2. In re BWI Liquidating Corp., 437 B.R. 160 (Bankr.D.Del.2010) (citing Chicot County Drainage Dist. v. Baxter State Bank, 308 U.S. 371, 60 S.Ct. 317, 84 L.Ed. 329 (1940)).
3. Fed. R. Bankr.P. 7012.
4. Fed.R.Civ.P. 12(b)(1).
5. Mortensen v. First Fed. Sav. & Loan Ass'n, 549 F.2d 884, 891 (3d Cir.1977).
6. Id.
7. Hedges v. United States, 404 F.3d 744, 750 (3d Cir.2005); Mortensen, 549 F.2d at 891.
8. Kehr Packages, Inc. v. Fidelcor, Inc., 926 F.2d 1406, 1409 (3d Cir.1991); Dev. Fin. Corp. v. Alpha Housing & Health Care, Inc., 54 F.3d 156, 158 (3d Cir.1995).
9. In re Resorts Int'l, Inc., 372 F.3d 154, 161 (3d Cir.2004).
10. 28 U.S.C. § 1334(a), (b).
11. Id. (quoting Torkelsen v. Maggio (In re Guild & Gallery Plus, Inc.), 72 F.3d 1171, 1175 (3d Cir. 1996)).
12. Id.
13. Id. at 162-3 (citing Torkelsen, 72 F.3d at 1178).
14. Id. at 162. As an aside, the Supreme Court's recent opinion in Stern v. Marshall is inapplicable here. Stern v. Marshall, ___ U.S. ___, 131 S.Ct. 2594, 180 L.Ed.2d 475 (2011). The issue in Stern v. Marshall was when, under the United States Constitution, the bankruptcy court could enter a final judgment as opposed to proposed findings of fact and conclusions of law in a case where subject matter jurisdiction existed under 28 U.S.C. § 1334(a). Id. at 2608. As such, Stern v. Marshall is not a case about subject matter jurisdiction. Rather it addresses the power of the bankruptcy court to enter final orders, assuming that subject matter jurisdiction exists. This case is about whether subject matter jurisdiction exists. Thus, this court's power to enter a final order is not implicated.
15. Id. at 163.
16. 743 F.2d 984 (3d Cir. 1984).
17. Id. at 994.
18. Id.
19. In re Craig's Stores of Texas, Inc., 247 B.R. 652, 654 (S.D.Texas 2000).
20. 11 U.S.C. § 1141(b).
21. Craig's Stores, 247 B.R. at 654.
22. Resorts Int'l, 372 F.3d at 165.
23. Id. at 165-6.
24. Id. at 166-7.
25. Id. at 167.
26. Id. at 170; Craig's Stores, 247 B.R. at 655.

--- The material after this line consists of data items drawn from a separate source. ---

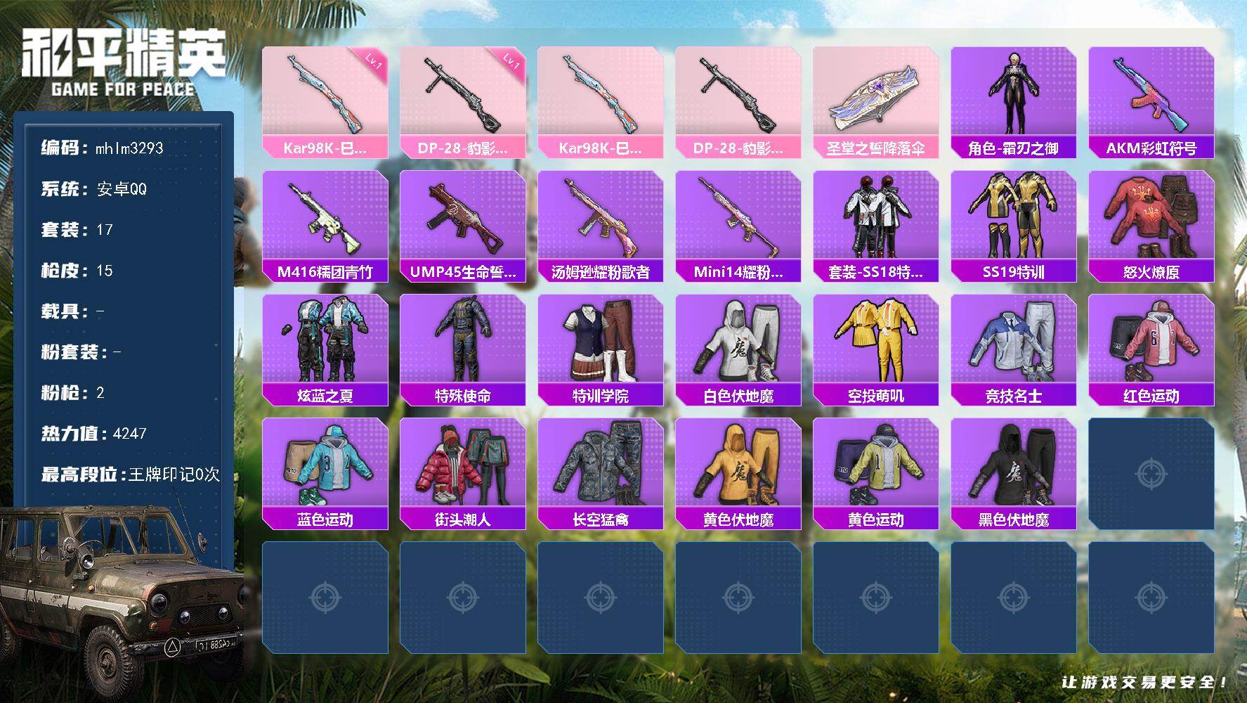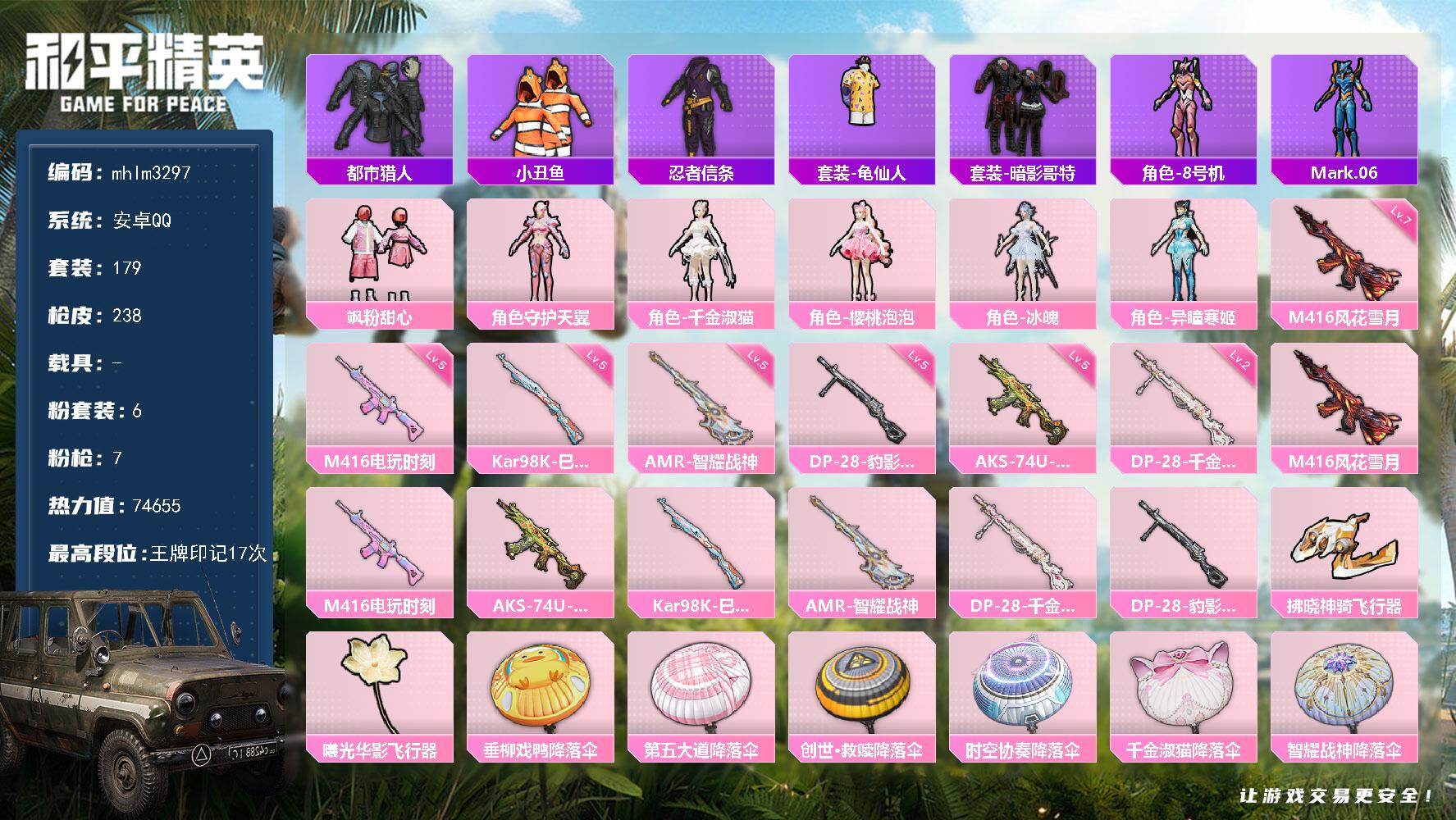 a4227/安卓v/热力值:75947,12粉装,11粉枪,2载具,19粉色战备,181套装,19
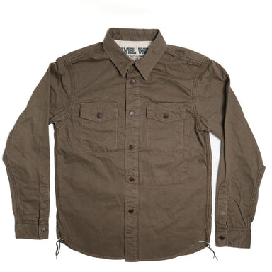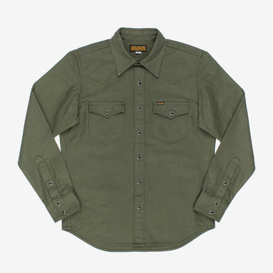 Iron Heart's classic western cut shirt in a 13oz sulphur-dyed olive drab green military grade heavy cotton serge, with black snaps, and made with o...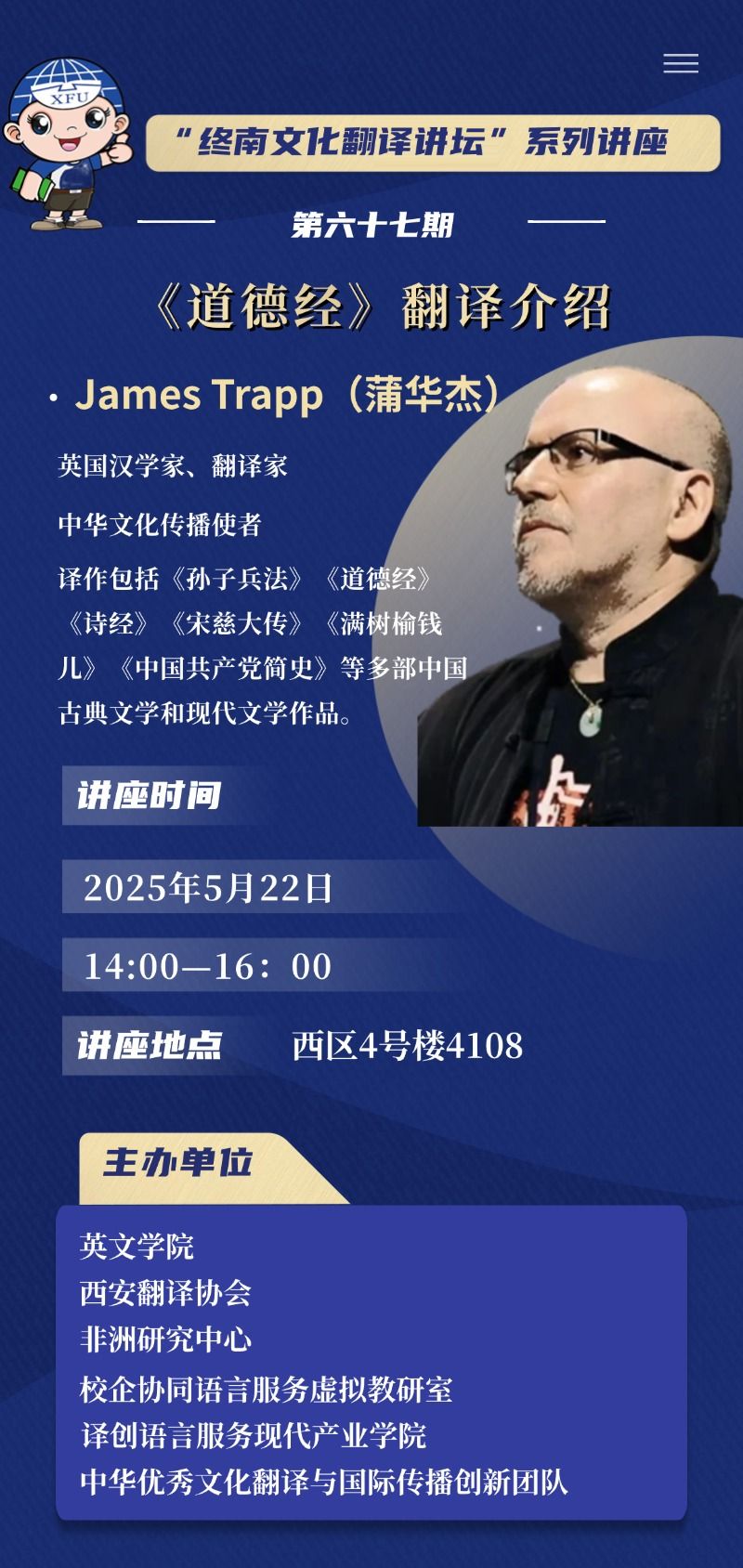 主题:“终南文化翻译讲坛”系列讲座第六十七期——《道德经》翻译介绍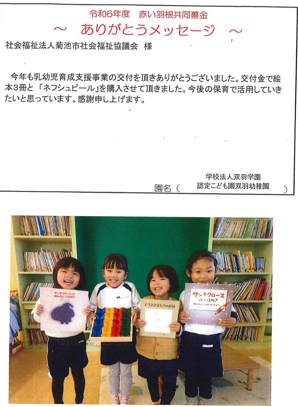 本年も乳幼児育成支援事業の交付を頂きありがとうございました。交付金で絵本3冊と「ネフシュピール」を購…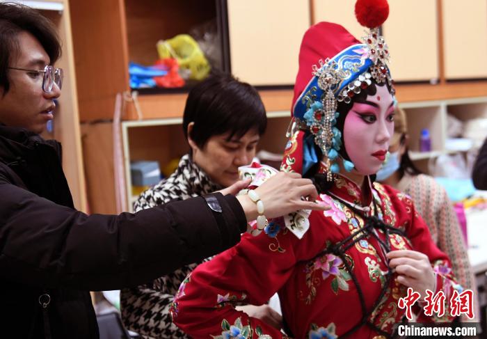 演出開始前,該劇主演劉泳渤在工作人員的協(xié)助下調(diào)整戲裝。 中新網(wǎng)記者劉可耕攝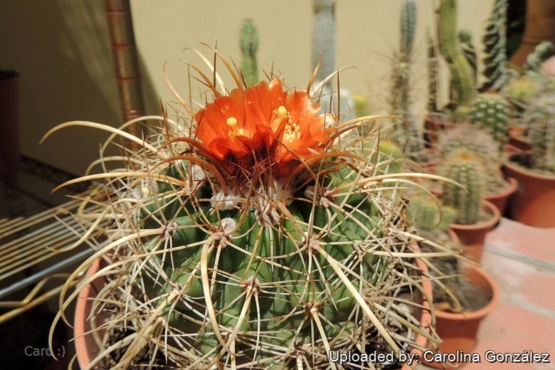 Description: Parodia maassiiSN|5784]]SN|5784]] is a small globular South American cactus species with long hooked spines and yellow to red flowers. The extensive distribution range of this species has led to the formation of many local forms or varieties which in the years have been formally named. Most of these names are not accepted by many botanists that treat them as synonyms, but they still have a value for a collector because they identify plants with particular characters.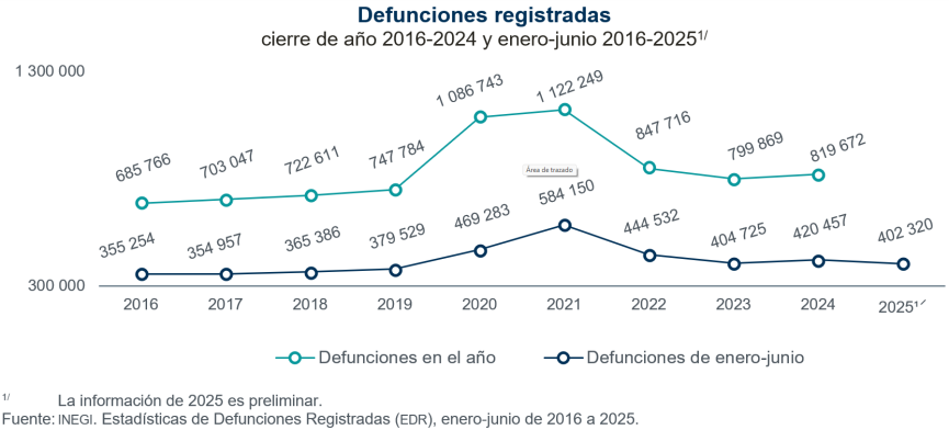De enero a junio de 2025, se registraron 402 mil 320 defunciones. Para este año se observó un decremento de 18 mil 137 muertes respecto a las registradas en el mismo periodo de 2024. Del total de defunciones registradas, 384 mil 715 ocurrieron en 2025; las restantes, en años anteriores.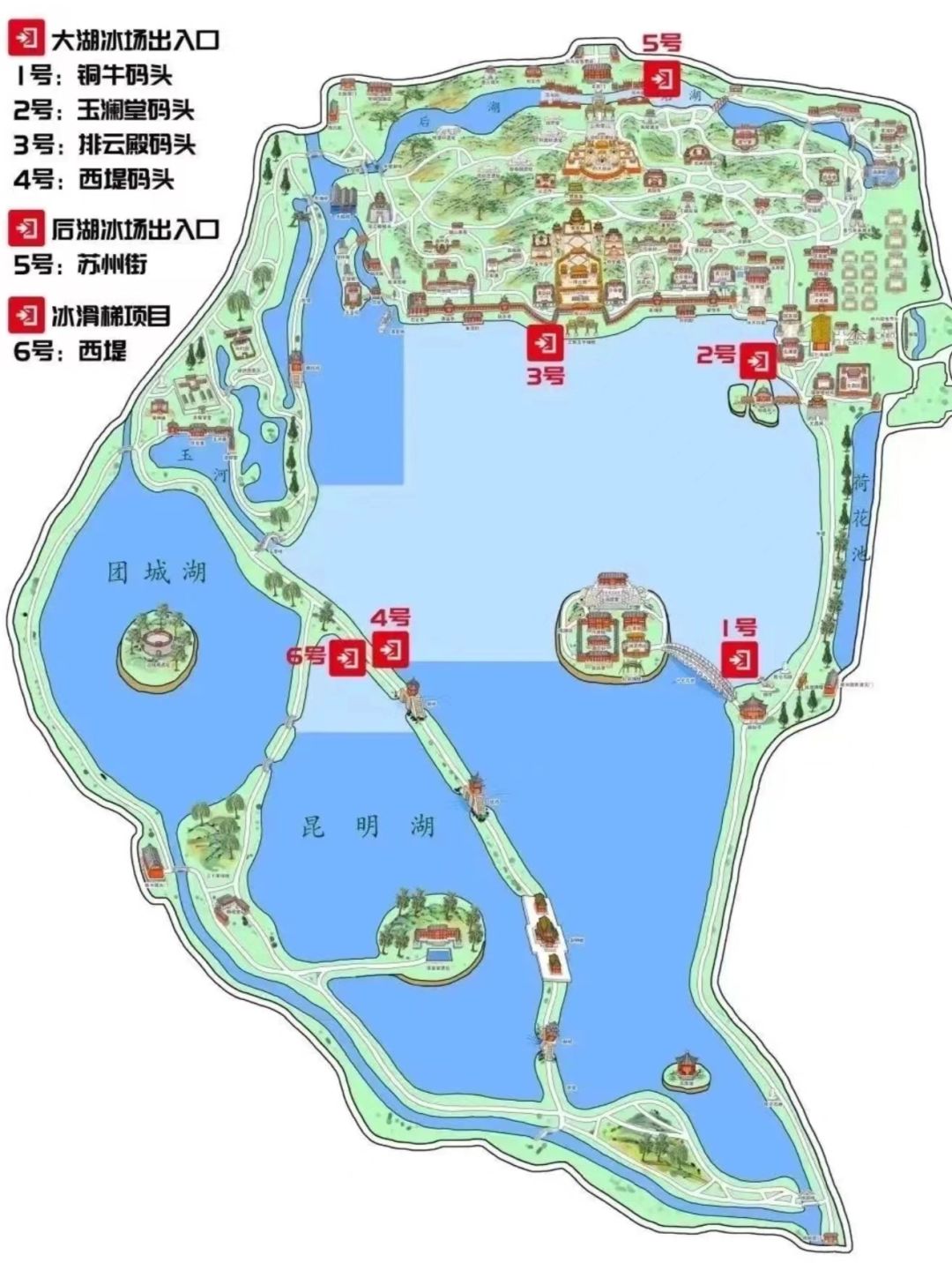 ▫昆明湖区域冰场入口4 处,分别为铜牛码头、玉澜堂码头、排云殿码头和西堤码头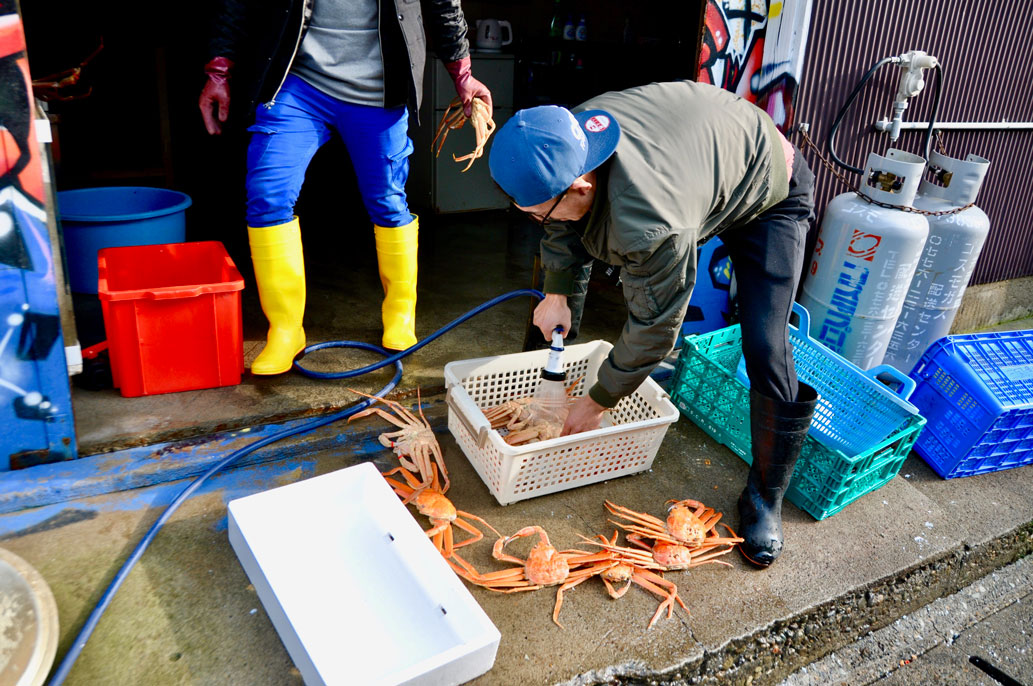 蟹を真水で絞める様子。絞めが甘いと足が取れてしまい商品価値が下がってしまうので重要な作業。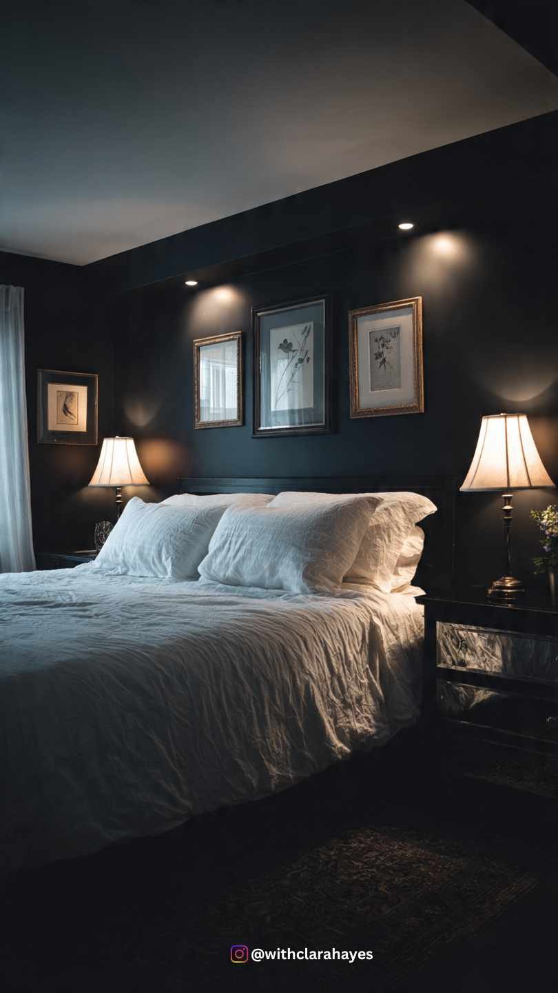 - Styling Insight: The dark walls look incredible with mirrored furniture (like mirrored nightstands) as they reflect the light and break up the darkness. Use large, bright white matting on framed art to make the pieces pop dramatically off the dark wall.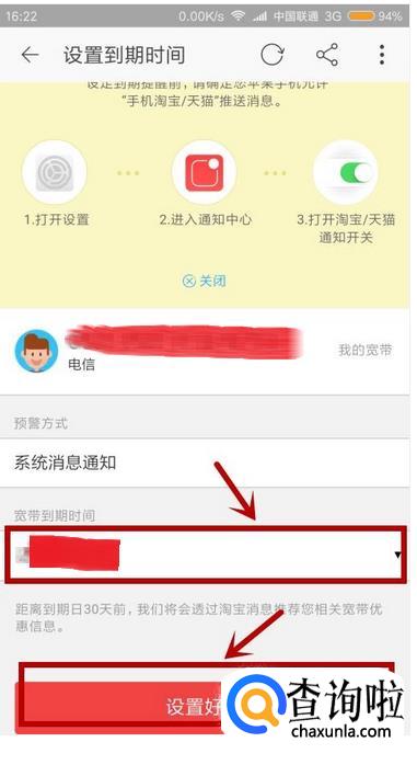 最后我们设置宽带的到期时间后,选择到期的时间,然后点击“设置好了”如图所示。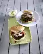 Cut onion into rings. Fry the bacon in a pan without fat until crisp. Drain on kitchen paper. Knead minced meat, mustard and egg yolk. Season with salt, pepper and paprika. Form 3 flat burgers. Grill in aluminium bowl while turning for 4-5 minutes. Cut the buns in half and place them on the grill with the cut surface for a few minutes. Remove the avocado from the skin, sprinkle with lemon juice and cut into slices. Spread the bottoms of the rolls with 1 tbsp. salad cream each. Cover with avocado, burger, 1 tbsp. each of ketchup, onion rings, bacon and parmesan. Finish with the lid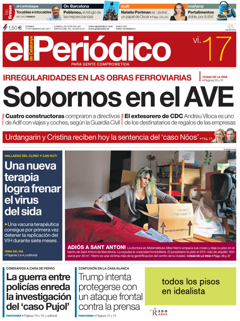 EL PERIÓDICO: "Sobornos en el AVE. Cuatro constructoras compraron a directivos de Adif con viajes y coches, según la Guardia Civil"; "Urdangarín y Cristina reciben hoy la sentencia del 'caso Nóos"; "Una nueva terapia logra frenar el virus del sida"; "La guerra entre policías enreda la investigación del 'caso Pujol".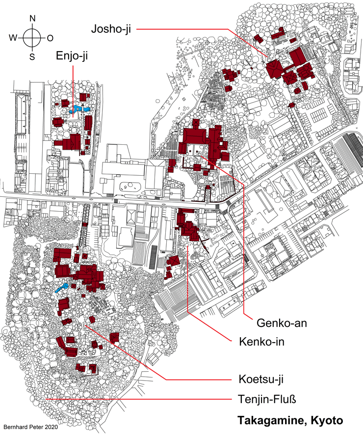 Jedenfalls lag der Bereich Takagamine, obwohl in der Nähe der Hauptstadt und trotz des schönen Ausblicks auf dieselbe, sozial außerhalb, vor allem sichtbar daran, daß es außerhalb der hauptstädtischen Jurisdiktion und vor allem außerhalb des Odoi lag, der 22,5 km langen Erdwall-Befestigung rings um Kyoto, die Toyotomi Hideyoshi hatte errichten lassen. Ein Stück davon ist noch im Südwesten von Takagamine erhalten, beim Tempel Shozen-ji im Omiya-Doi-cho. Noch ein Stück ist östlich davon im Omiya Nishiwakidaicho erhalten. In gerader Linie ging dieser Wall dann zum Kamo-Fluß, und auch dort stehen ein paar Teilstücke des Walls. Dazwischen ist der Verlauf erkennbar an parallelen Straßenzügen, die das rechteckige Raster schräg schneiden. Im Westen stieß der Wall an die Hügel, wo heute das Shozan Resort steht, auch dort ist ein Teilstück erhalten, 550 m südöstlich des heutigen Tempels. Ein weiteres Indiz für die soziale Abgeschiedenheit ist die Tatsache, daß Takagamine auf den zeitgenössischen Karten, Beschreibungen und Illustrationen der Sehenswürdigkeiten der Hauptstadt als Siedlungsbereich fehlt, es war einfach so neu, daß sich dort jemand niederließ. Die früheste Erwähnung erfolgt 1658 in einem Zweizeiler im Werk "Rakuyou-meisho-shuu", worin lediglich angegeben wird, daß Honami Koetsu dort kürzlich sein Haus erbaut hat. Das geringe Interesse der Stadtgesellschaft an der Siedlung lag auch an der völlig fehlenden Vorgeschichte und historischen Relevanz dieses Areals. Um so mehr konnte sich die entwickelnde kleine Gemeinde auf sich selbst konzentrieren und eine Selbstorganisation aufbauen und sich ganz ihren Zielen hingeben.

27. Resorts Int'l., 372 F.3d at 170; Craig's Stores, 247 B.R. at 655.
28. BWI Liquidating Corp., 437 B.R. at 168.
29. Id. at 165 (quoting Geruschat v. Ernst & Young LLP (In re Seven Fields Dev. Corp.), 505 F.3d 237, 265 (3d Cir.2007)).
30. See BWI Liquidating Corp., 437 B.R. at 165; Craig's Stores, 247 B.R. at 652.
31. Craig's Stores, 247 B.R. at 655.
32. Id. at 652 (citing Industrial Addition Ass'n v. Commissioner of Internal Revenue, 323 U.S. 310, 312, 65 S.Ct. 289, 89 L.Ed. 260 (1945)).
33. In re AstroPower Liquidating Trust, 335 B.R. 309, 325 (Bankr.D.Del.2005).
34. Valley Historic Ltd. P'ship. v. Bank of New York, 486 F.3d 831, 837 (4th Cir.2007); BWI Liquidating Corp., 437 B.R. at 166.
35. Resorts Int'l, 372 F.3d at 169-170.
36. BWI Liquidating Corp., 437 B.R. at 166.